It is great to hear you have a loving family.  That is something millions don't have.It is wonderful to hear you have worked for 24 years. Millions have not been fortunate to find employment.

It would be great if you could maintain a 'Gratitude journal" and track all the things that you can be grateful for. Count your blessings.

Can you find some voluntary work to do to keep yourself busy, so busy that you do not have time for these unwanted thoughts? Please try.

 Can you join some yoga/meditation class? It can do wonders in slowing your breath down and hence your thoughts. Please google on the connection between breath and thoughts.

 Please talk to your GP and find a good pyschologist who can train you on CBT - Cognitive Behaviour Therapy. When you learn how your feelings are stemming from your thoughts and you train to identify the distortions in your thoughts you can change your destiny.

We are the creators of our destiny. 

When the going gets tough, the tough get going.Take care.

 

 

 

 

 

 

 

 

Katie10
Community Member

Hi Pete,

I suffer from the same (or very similar) anxiety as you. For about 3 years now, I have had increasing fears of health problems. The fears have ranged from fears about cancer, food poisoning, arthritis, and other diseases. I have seen two different psychologists over the years, the first for only a couple of months and the second for over a year. I am not currently seeing a therapist as I am an American citizen staying in Australia for just a year and do not have Medicare here.

Although I am still very very much struggling with this (still have very good days and very bad days), I found some comfort in finally figuring out the cause of my sudden intense anxiety 3 years ago.

As I am fairly young (mid 20's, early 20's at the first onset of anxiety), it doesn't make sense to me why I should be so worried that I am dying or have some terrible diseases.
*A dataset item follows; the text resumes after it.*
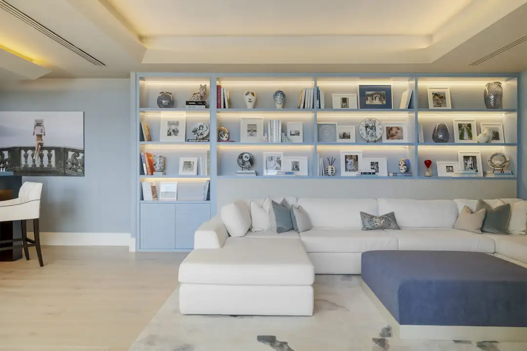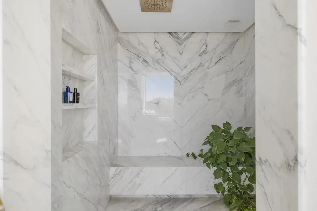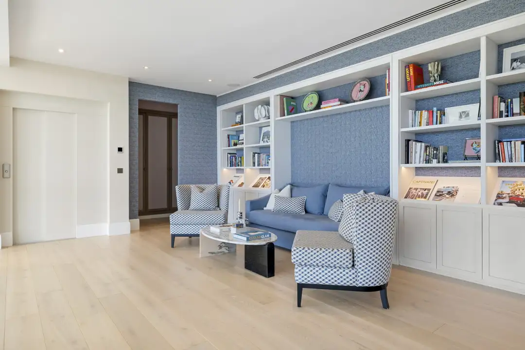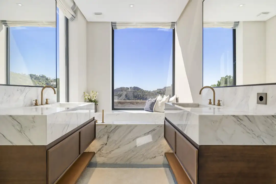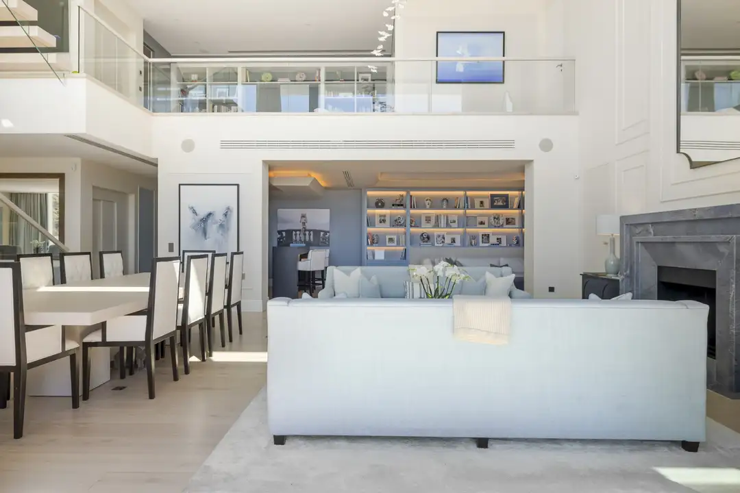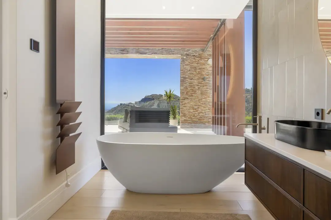 On the second floor you will find 2 bedrooms that are connected in the middle with a fully Italian marble bathroom with a shower. Both bedrooms enjoy a spacious terrace with wonderful mountain views. The bedrooms have black out curtains and electric blinds. On the other side of the floor, you will find the main bedroom en-suite with a full Italian imported marble bath for 2 and a spa style shower for 2 with a private terrace with views to the sea and mountains. For those who like to watch TV in bed there’s a big flatscreen smart TV. Also, on the same floor you can find a sitting area with a library that overlooks the sea and mountains. Large windows from 8 meters high that cover the first and second floor, giving the property lots of light.

Most people in their early and mid-twenties rarely worry at such lengths about these things. After a couple months of seeing my second therapist, he suggested that I begin a low dose of anti-depressants and anti-anxiety medication while we tried to find the original source of all of this anxiety. After some further discussion with him, we believe a main cause of my anxiety is family related.

About 3 years ago, my uncle passed away rather suddenly. He was fairly young (40's I believe), and had 4 young children (oldest just a year younger than me, youngest in only 5th grade at the time). Less than a year later, my grandfather was diagnosed with a lung condition and the doctors did not know how fast it was progressing. They said some people live a couple weeks or months with it, some as long as 7 years. He passed away a couple months later. As I was studying in Australia at the time, I was unable to attend his funeral. After returning from Australia, about 6 months later, my other uncle passed away after having increasing alzheimer's disease for a few years. This past August, shortly after I came back to Australia, my grandmother was diagnosed with breast cancer. We are lucky as they caught it early and have high hopes that she will be okay. My therapist and I believe these losses (and my lack of expressing my sadness following them) has played a huge role in my increasing anxiety and depression. I have never been one to openly express myself (more of an introvert), and while I know that my parents and family are always happy to talk to me about these topics if I wish, my family is more the type to laugh and have fun with joking around rather than cry and reminisce.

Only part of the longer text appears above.